I told her my new cover. “I work for the Philadelphia Electric Company.” Well, at least it was a chance to try it out. See how it works on a nobody. Somehow, I didn’t think the tenants would buy this an excuse to talk to her. If anybody happened to be in the lobby screening room this particular moment, I was sure to hear an earful when I returned later.
Amy nodded, and walked over to me. “You in the collection department?”
“Huh?”
A cartridge I’d forgotten about was sitting on top of the box I was holding. Amy picked it up and pointed it at my face. “You no pay, I blow brains out?”

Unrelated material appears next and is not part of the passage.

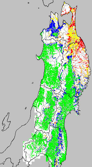 冷却量は((日平均気温−20℃)の積算値)で得られる指標である。この値が負でかつ数値が大きいほど低温の程度が大きくなり、低温被害が大きくなると推定される。この気温指標は前7日間の移動平均値を基に変換して示す。
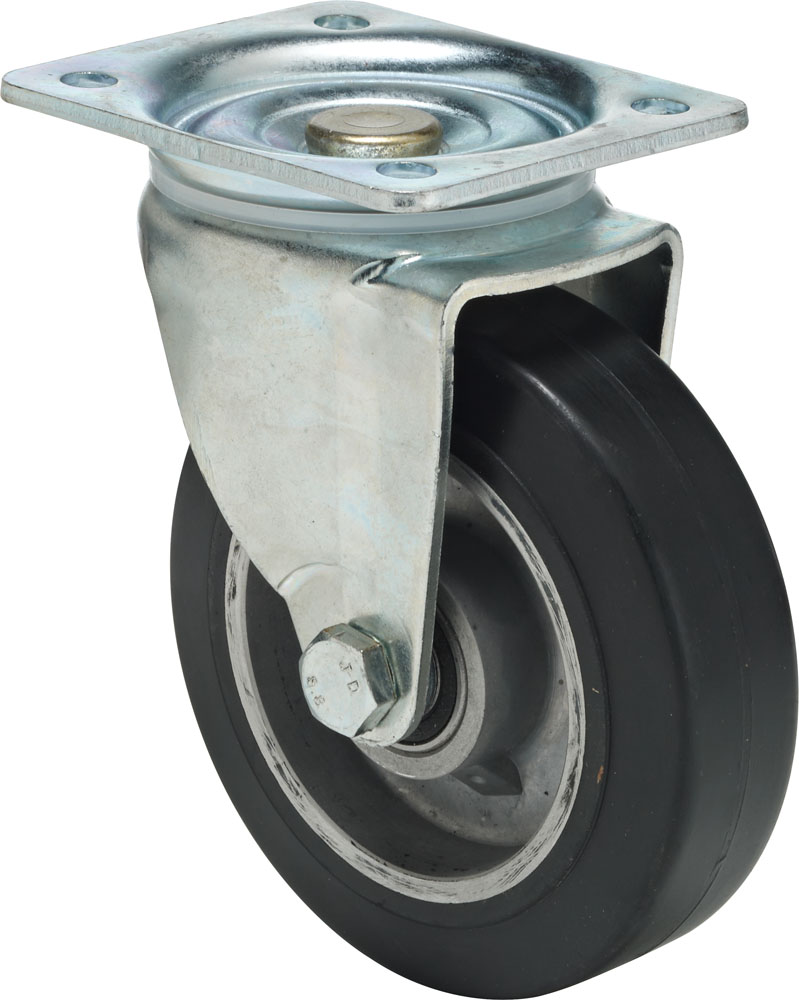 - Swivel fork of deep drawn zinc-coated steel Swivel bearing with double ball raceways and sealring an extra sturdy

“Oh,” I said. “Oh, no no no. Hah. Hobby. I mean, it’s a hobby of mine. Guns.” I looked at her. “Keeps nosy neighbors from asking too many questions.”
Amy’s eyes widened for a moment, and then she laughed. “Damn it, Del, you do have a sense of humor. A sick sense of humor, but I’ll take it. I was beginning to worry about you.”
I smiled-uncomfortably-then turned to drop the box. I could feel Amy giving me the once over. What was it with her? Most women, upon meeting a strange man carrying two boxes of firearms into his tiny studio apartment, usually spin on their heels and hit the road. Fast. But not her. Her curiosity was piqued. “What kind of guns do you have? I used to have a cop buddy who showed me quite a few of his police-issue numbers. They were really something. You got single or double action?”
Damn, the soul tenants were really going to hate this line of conversation. Nice cover, “Del,” they’d say. Why not just show her the evidence box and bomb gear while you’re at it?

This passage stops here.